The Simpsons is now in its 28th season.
The Simpsons is now in its 28th season.

The mastermind behind one of the funniest shows of all time has shared more than a few secrets from the beloved animated sitcom.

The Simpsons creator Matt Groening was treated to a godlike reception from the show's faithful fans at the Sydney Opera House on Friday night, giving a rare public talk as part of the Graphic Festival.

He shared stories from his early years as a struggling animator, screened wacky Japanese Simpsons adverts, and even gifted a lucky few in the front rows with impromptu hand-drawn sketches.

Most fascinating, though, was Groening's list of his all-time favourite scenes from the show. After an incredible 601 episodes, here are the scenes Groening hand-picked as his absolute favourites:

From the Episode Homer's Phobia

The phrase 'We work hard, we play hard' was never the same again. EVERYBODY DANCE NOW!

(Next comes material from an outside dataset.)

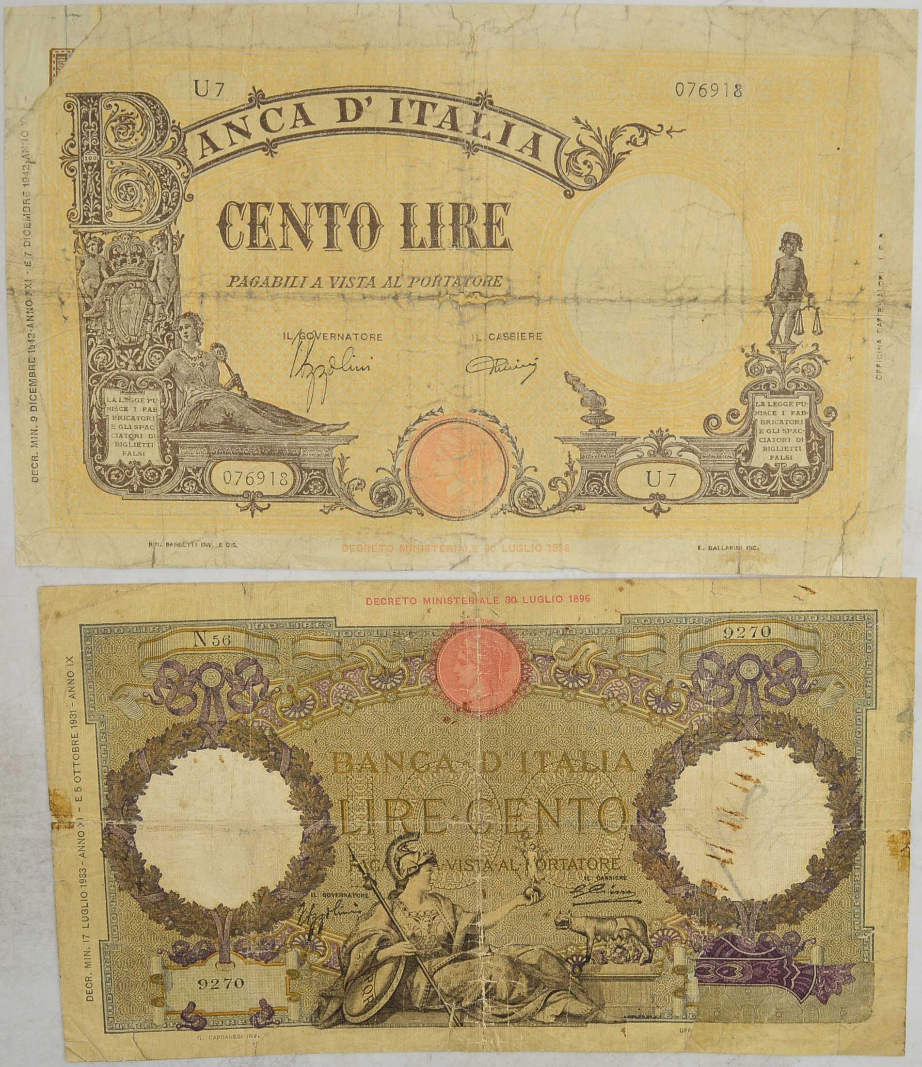 - Опис: У набір входять банкноти номіналом 100 лір 1931, 1942 рр. Рідкісні. Обидві купюри із заповненими пропущеними частинами.

Bart and the White Stripes

Because Homer getting tortured to within an inch of his life is ... just funny.

Catch Me If You Can

If you're more of a fan of The Simpsons' classic earlier seasons, you may not have seen this tribute to the title sequence from 2002 flick Catch Me If You Can before. Indeed, Groening focused on the later series of the show for much of his talk.

Hey Mr Prime Minister!

Scenes from the 1995 episode Bart Vs. Australia were received rapturously by the Sydney crowd, so it's easy to forget that some 21 years ago the show's depiction of Aussies as backwater hicks was quite controversial. "We thought it would go over well in Australia, because Australians would understand that we were getting everything wrong," Groening sheepishly admitted. But there was one thing us Aussies should glean from the episode, he told us: "Americans are jerks, and American TV writers are BIG jerks."

Homer steals grease

Surely the best of Homer's hairbrained schemes. Emu farm? PFFT!

Core destruct

Bye bye, Springfield.

Future couch gag

With the traditional couch gag given over to Academy Award-nominated animator/filmmaker Don Hertzfeldt for an episode, Hertzfelt went to town with this surreal riff on the show's seemingly endless longevity. It's lasted 27 years and 601 episodes to date, so what would The Simpsons look like in, say, a few centuries from now? The answer: Really, really upsetting.

We have just one thing to say about this sterling list, Mr Groening ... where's Poochie?